I do not know what to do, because:

• First of all, Abel criteria says that if $\sum_{n=1}^{\infty}{x_n}$ is convergent and $y_n$ is a monotonous and bounded sequence, then $\sum_{n=1}^{\infty}{x_n y_n}$ is a convergent series, so in my case $\sin(nx)$ is bounded and monotonous, but $\sum_{n=1}^{\infty}{1 \over n}$ isn't convergent, so I think I can't use Abel cr.

• Second, Dirichlet criteria says that the series $\sum_{n=1}^{\infty}{x_n}$ should have the sequence of partial sums bounded and $y_n$ should be decreasing and convergent to zero for $\sum_{n=1}^{\infty}{x_n y_n}$ to be convergent. In my case, whatever $\sum_{n=1}^{\infty}{x_n }$ I take it will not have bounded sequence of partial sums, so what should I do ? What should I use ? May be I am wrong somewhere ?

Thanks.

Answer 1

You can use Dirichlet criteria because $\sum_{k=1}^{n}\ \sin{kx}$ is bounded.

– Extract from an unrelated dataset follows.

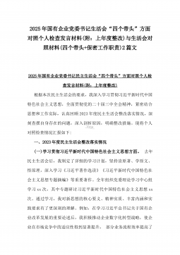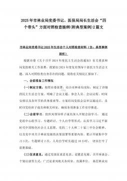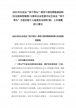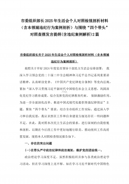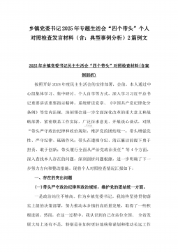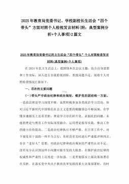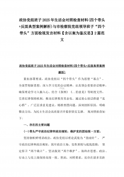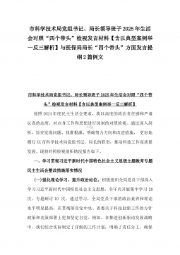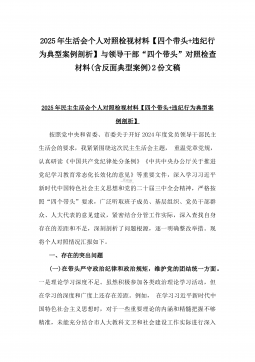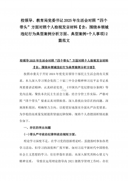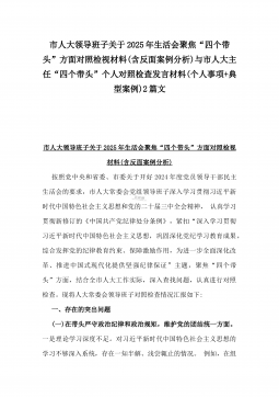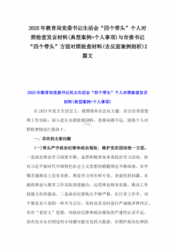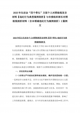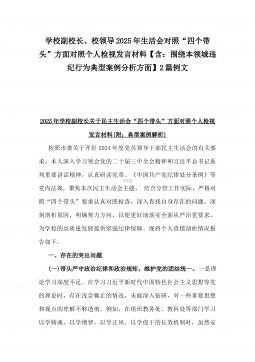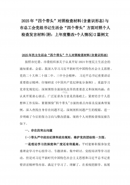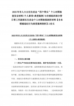 2025年“四个带头”个人对照检查发言材料(上一年度整改落实情况)与市检察院党组书记、检察长生活会“四个带头”方面个人对照检视发言材料【含以案为鉴反思】2篇文2025年民主生活会“四个带头”个人对照检查发言材料(上一年度整改落实情况)根据上级关于召开2024年专题民主生活会的通知安排,会前,我认真学习习近平新时代中国特色社会主义思想和党的二十届三中全会精神,系统学习习近平总书记关于全面从严治党、党的自我革命及对对管党治党工作的一系列重要指示批示精神,对照反面典型案例深入开展剖析,与班子成员、党支部党员代表进行谈心谈话,广泛听取各级各部门的意见建议。在此基础上,严格对照“四个带头”,紧密联系思想...
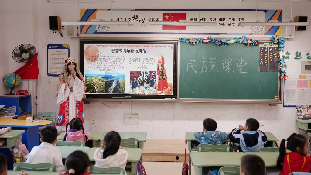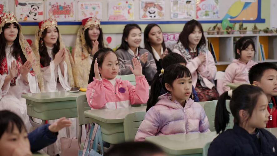 (队员们走进小学为同学们带来了一堂关于民族特色的课程)

To see this, notice that $\sum_{k=1}^{n}\ \sin{kx}$ = $Im(\sum_{k=1}^{n}\ e^{ikx})$.

Answer 2

Dirichlet's test is appropriate here. Since $\dfrac 1n \to 0$, to show that the series converges it suffices to show that there is a constant $M$ (depending on $x$) with the property that $$\left| \sum_{k=1}^n \sin kx \right| \le M$$ for all $n \ge 1$. This can be done with elementary trigonometry.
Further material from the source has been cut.